What you have to do:
Extract only the first line of the listing and every line after it up to and including the one with "A majority of". Omit the pictures.

Source material:
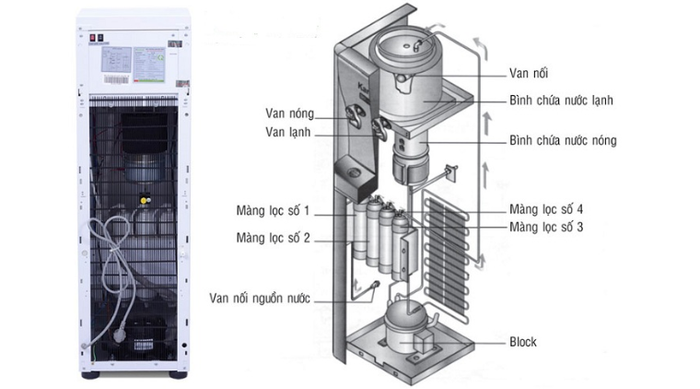Hệ thống cây nước nóng lạnh sử dụng công nghệ block được chia thành 2 bộ phận chính: tạo nước nóng và tạo nước lạnh. Cả hai bộ phận này đều có các linh kiện quan trọng như sau:
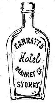 Circa 1905 publicity photo for a Sydney theatre production. Note the use of a prop which is an advertising sign for "Garratts Special Whisky" above the bar. |
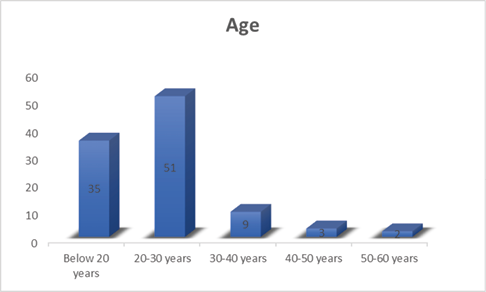 A majority of the respondents (51%) were aged 20 to 30 years while 35% of them were aged 20 or below. The percentages of respondents lying in the 30-40 years, 40-50 years and 50-60 years are 9, 3 and 2 respectively.
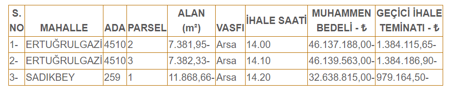 Kapalı teklif (kapalı zarf) usulü ile satışa çıkan Ertuğrulgazi ve Sadıkbey Mahallelerindeki arsa vasıflı gayrimenkullerimiz 3065 sayılı Katma Değer Vergisi Kanununun 17/p maddesine göre K.D.V.’ den istisna olup, ihale ile ilgili ilan, vergi, resim ve harçları alıcısı tarafından peşin olarak Belediye veznesine yatırılacaktır.

Written solution:
Hệ thống cây nước nóng lạnh sử dụng công nghệ block được chia thành 2 bộ phận chính: tạo nước nóng và tạo nước lạnh. Cả hai bộ phận này đều có các linh kiện quan trọng như sau:
 Circa 1905 publicity photo for a Sydney theatre production. Note the use of a prop which is an advertising sign for "Garratts Special Whisky" above the bar. |
 A majority of the respondents (51%) were aged 20 to 30 years while 35% of them were aged 20 or below. The percentages of respondents lying in the 30-40 years, 40-50 years and 50-60 years are 9, 3 and 2 respectively.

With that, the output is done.